Entries taken from a collection:
======
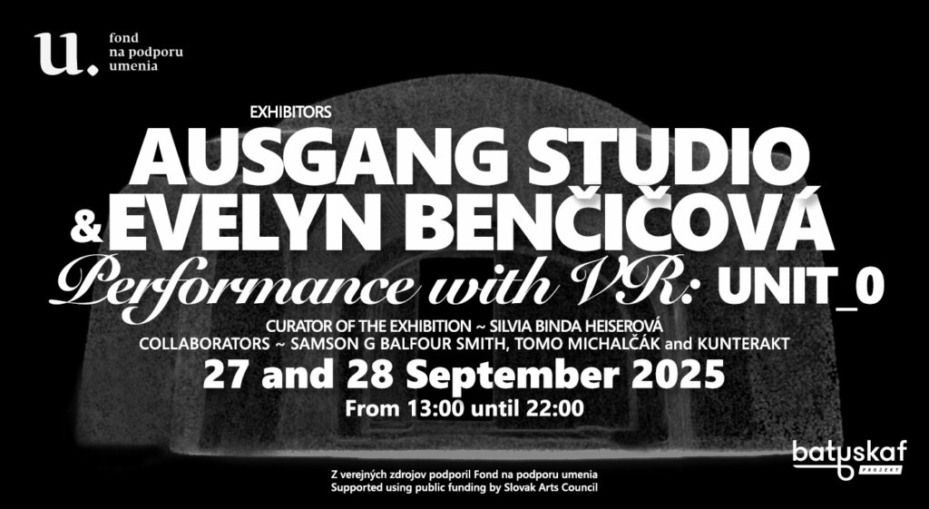 On Saturday, September 27 and Sunday, September 28, 2025 from 1:00 PM to 10:00 PM, we would like to welcome you to the multi-genre performance with virtual reality UNIT_0 by AUSGANG studio and Natalia Evelyn Bencicova.
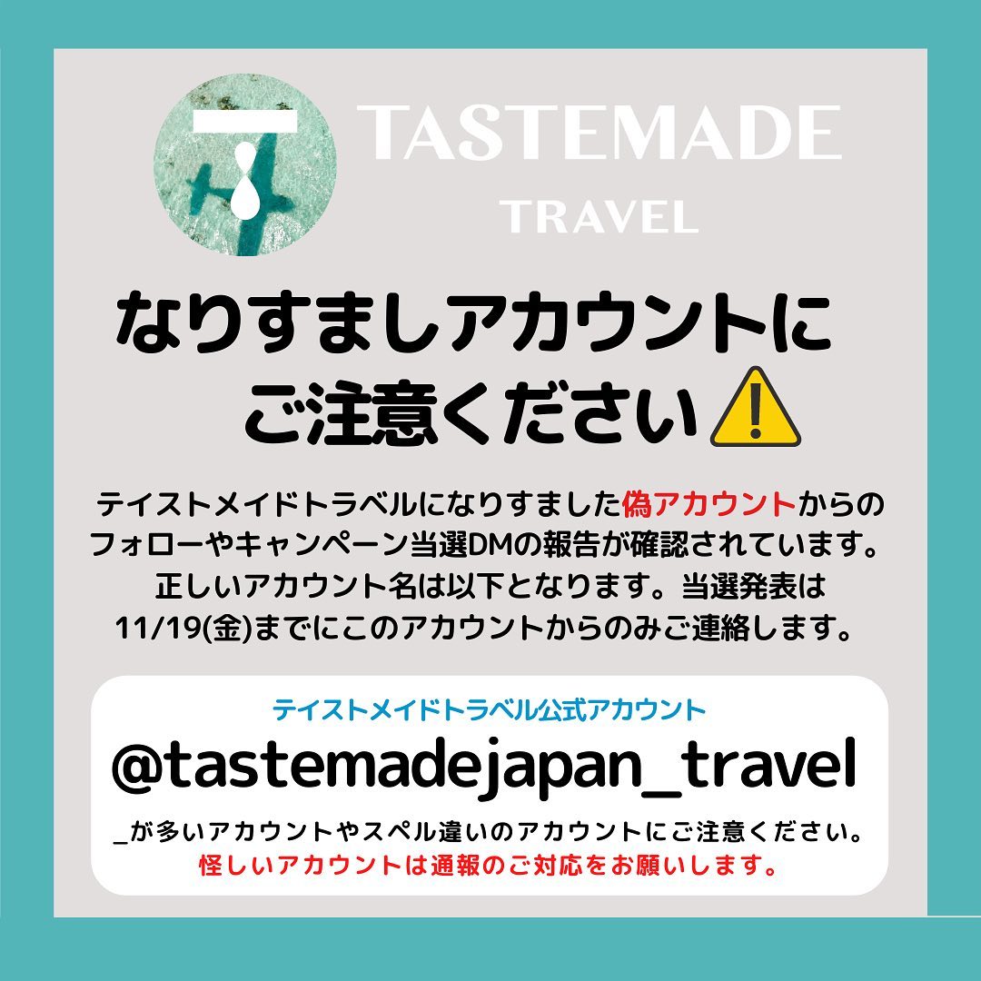 ⚠️偽アカウントにお気をつけください。もし怪しいDMが来たらInstagramへの通報をお願いします。このアカウント以外から当選ご連絡することはありません。IDを微妙に変えたアカウントからのフォローにご注意ください。
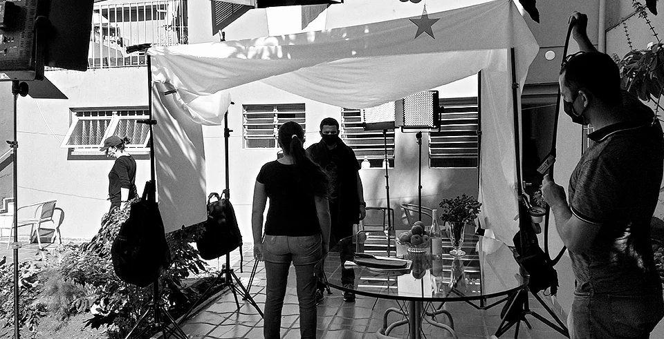 A pandemia representou um desafio a mais. Toda a comunicação foi remota e, em alguns casos, não conseguimos fazer a visita técnica à locação antes da gravação, o que nos trouxe algumas surpresas que tivemos que contornar no set. Os cuidados com a limpeza e o distanciamento também deixaram o andamento do set mais lento, e fomos aprendendo como administrar esses percalços conforme fomos gravando a série.
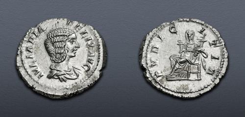 Electronic Auction 589 Lot: 603. Julia Domna. Augusta, AD 193-217. AR Denarius (18.5mm, 2.96 g, 6h). Rome mint. Struck under Caracalla, AD 215-217. Superb EF.
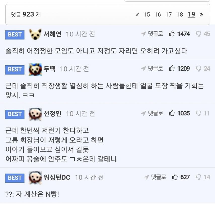 G 비회원 이슈 0 7 0 0 2시간전 갑자기 회식이 하고 싶었던 대기업 회장 출처 : https://m.bboom.naver.com/best/get?boardNo=9&postNo=4345636 0 0 이 글을 SNS로 공유하기
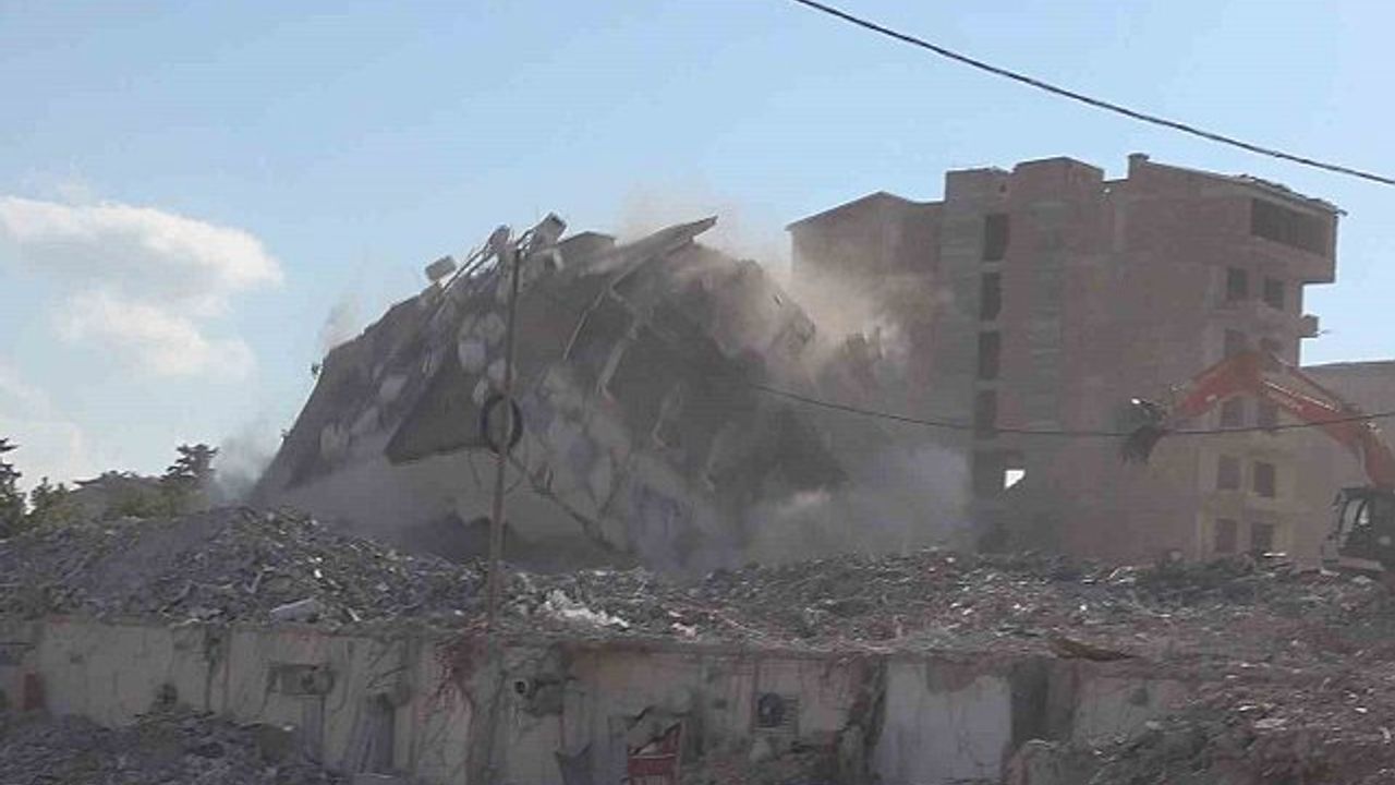 Hatay'ın Antakya ilçesinde 8 katlı bina iş makinesiyle halatla çekilerek yıkıldı. Binanın yerle bir olduğu anlarsa kameraya yansıdı.
======
▶ [WORK TO BE COMPLETED]: Take the records from their first line through the line containing "Electronic Auction 589" and please return exactly those lines, both ends included, minus the pictures.

▶ [RESPONSE TO THIS TASK]:
 On Saturday, September 27 and Sunday, September 28, 2025 from 1:00 PM to 10:00 PM, we would like to welcome you to the multi-genre performance with virtual reality UNIT_0 by AUSGANG studio and Natalia Evelyn Bencicova.
 ⚠️偽アカウントにお気をつけください。もし怪しいDMが来たらInstagramへの通報をお願いします。このアカウント以外から当選ご連絡することはありません。IDを微妙に変えたアカウントからのフォローにご注意ください。
 A pandemia representou um desafio a mais. Toda a comunicação foi remota e, em alguns casos, não conseguimos fazer a visita técnica à locação antes da gravação, o que nos trouxe algumas surpresas que tivemos que contornar no set. Os cuidados com a limpeza e o distanciamento também deixaram o andamento do set mais lento, e fomos aprendendo como administrar esses percalços conforme fomos gravando a série.
 Electronic Auction 589 Lot: 603. Julia Domna. Augusta, AD 193-217. AR Denarius (18.5mm, 2.96 g, 6h). Rome mint. Struck under Caracalla, AD 215-217. Superb EF.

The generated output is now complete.